Но выразить себя через музыку мне все-таки хотелось. У нас дома было пианино, и вскоре я начал играть — час, два, три. Мне было четыре года! В музыкальной школе меня прослушали и обнаружили наличие абсолютного слуха. За месяц я освоил годовую программу обучения. В четыре года я уже писал ноты, читал с листа. Конечно, спасибо родителям, что обратили внимание и уследили, несмотря на то, что тогда, конечно, не до музыки было.
— А до чего было? Что происходило тогда в стране?
— Найти еду, согреть детей. Не было ни газа, ни отопления, ни электричества. У нас тогда шла, по факту, гражданская война: в городе стреляли, ходили солдаты с автоматами. И среди всего этого — я со своим пианино. Современная Грузия, к счастью, очень далека от того, что я помню. Я там прожил практически до 2004-го, так что самые «веселые» годы я еще застал.
— Родители уехали вместе с вами в Москву?
— Только моя мама, а два брата и папа остались в Грузии. Мне было 13, они не могли отпустить меня одного.
— Как вы жили? Часто приезжали в Грузию?
— Очень редко, может, раз в год, потому что было дорого и тяжело туда добираться. Первые пару месяцев мы ночевали у знакомых, как и многие в те времена, затем три года прожили в общежитии при училище. Это было очень своеобразно — настоящая школа жизни, но в целом время прошло нормально. Самая большая проблема заключалась в том, что я практически не говорил по-русски и учил язык на месте. Первый год у меня был дикий акцент, а слова я, в основном, учил по мультфильмам.
— Говорят, что грузины — очень музыкальная нация. Когда видишь грузина, то с высокой вероятностью можно сказать, что он поет. Как это объяснить?

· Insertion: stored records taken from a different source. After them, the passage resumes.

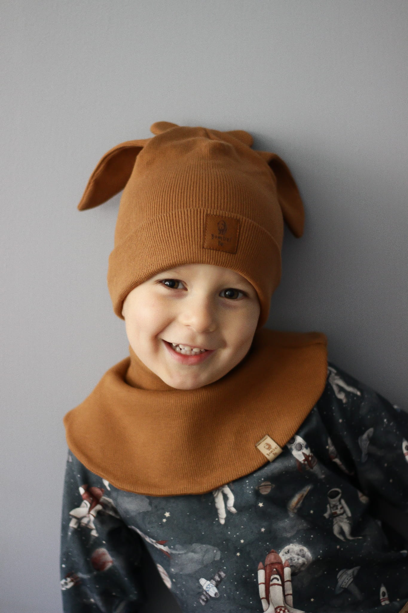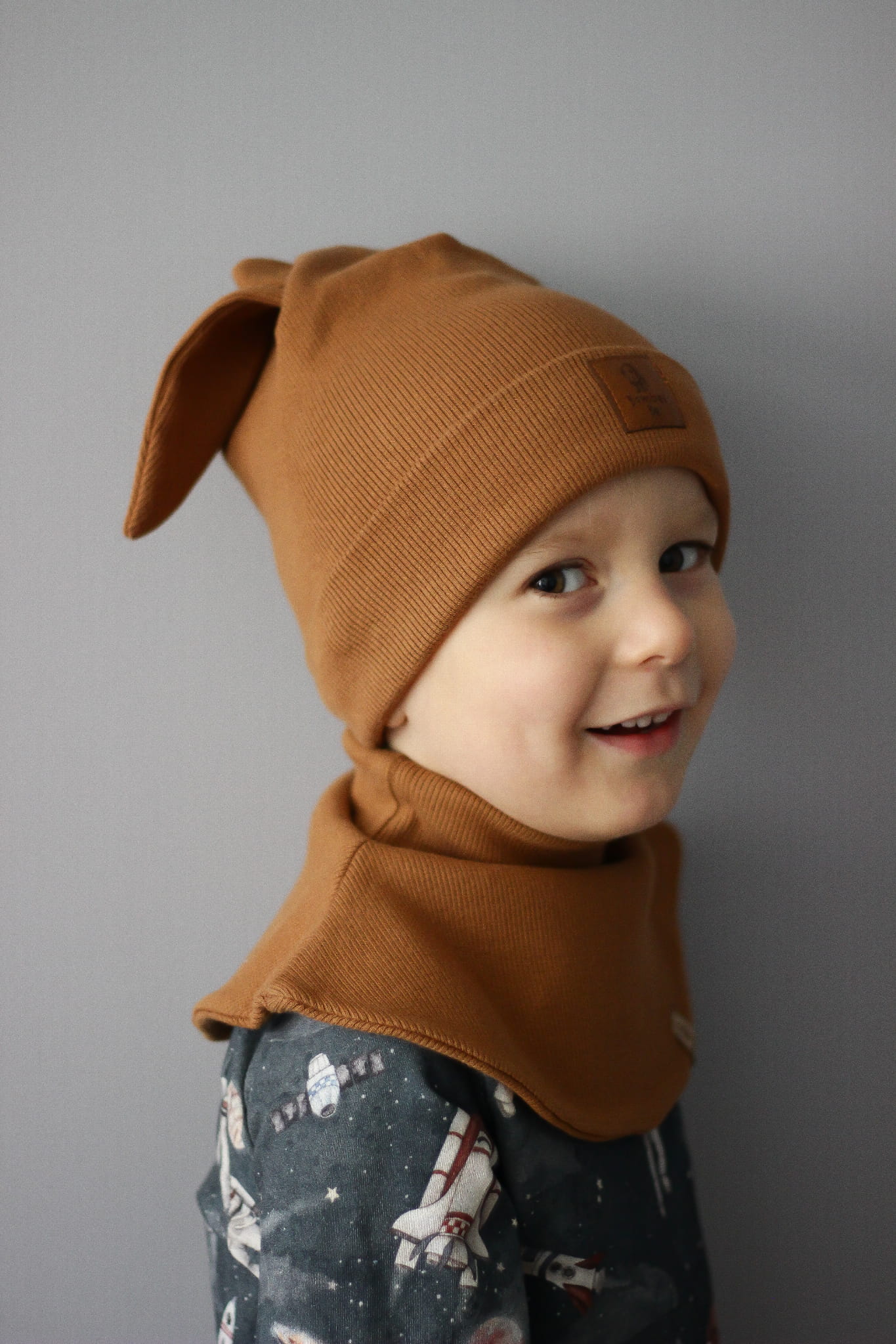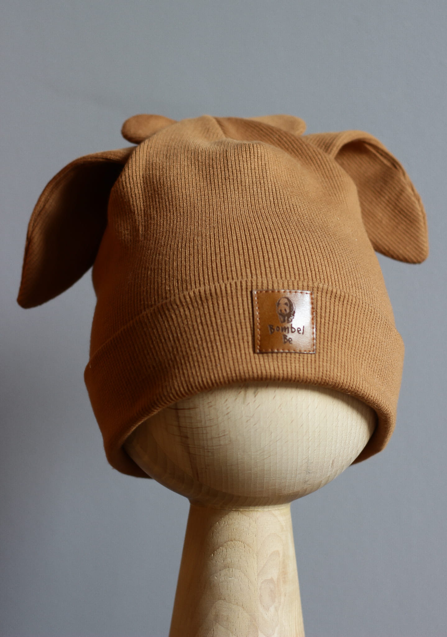 Czapka dziecięca prążkowana KRÓWKA - karmel
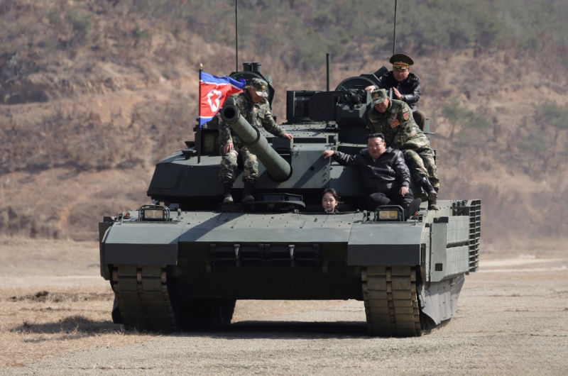 КХДР етакчиси Ким Чен Ин қизи Ким Жу Э ҳамроҳлигида ҳарбий машғулотлар вақтида танкда сайр қилди. Бу ҳақда Корея марказий телеграф агентлиги хабар берди.
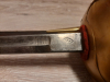 Lederscheide Nat geschlossen Messingbeschlag oberhalb mit Nummer gestempelt. Klingen Ätzung teilweise verputzt.
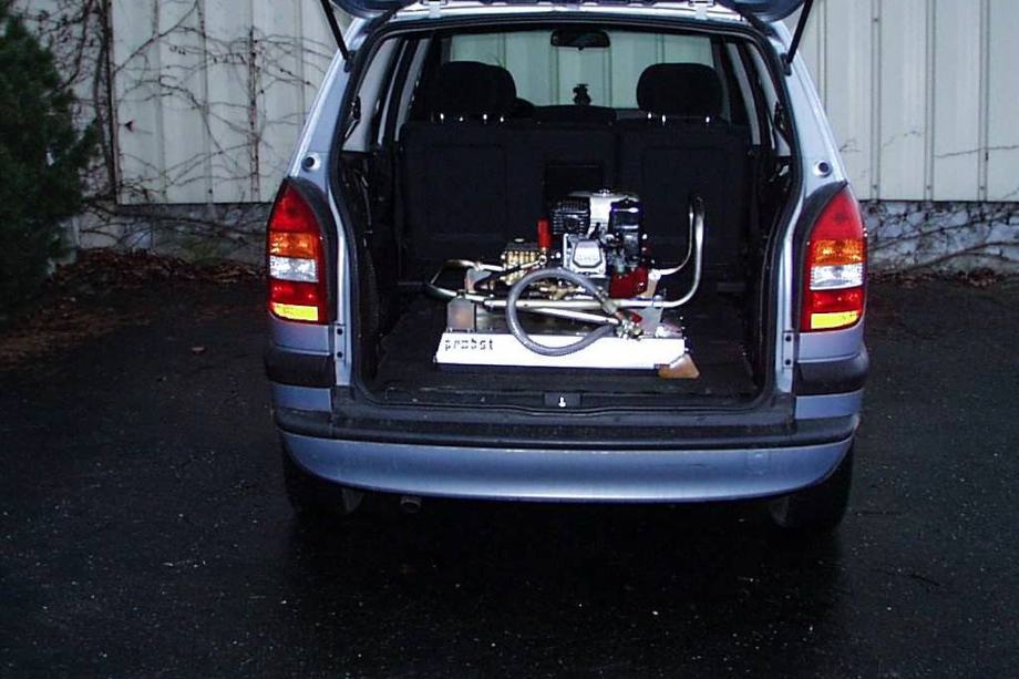 – Neodvisno od električnega omrežja, pogon močne visoko tlačne črpalke (maks. 150bar) preko zmogljivega 4kW (5,5PS) Honda Bencinskega motorja. Potreben bajonetni priklop za vodo.

— Действительно, дети в Грузии частенько бывают очень музыкальными. Не зная нотной грамоты, они обладают прекрасным слухом. Возможно, это заложено в нас генетически с давних времен. Ведь, когда появилась полифония грузинского фольклора — многоголосие, нотной грамоты еще не было. В деревнях люди до сих пор не знают, что такое «фа», «ля», но они поют так чисто, что вопрос о знании нот отпадает. Кроме того, в грузинах много артистизма. Десятки творческих людей вышли из страны с населением в три миллиона, начиная от Баланчина, который практически создал американский балет, заканчивая такими художниками, как Пиросмани. И я говорю не только о грузинах, но и о тех, кто вдохновлялся страной. Сколько поэтов приезжали туда, включая Пушкина и Лермонтова! Все они находили что-то особенное в Грузии.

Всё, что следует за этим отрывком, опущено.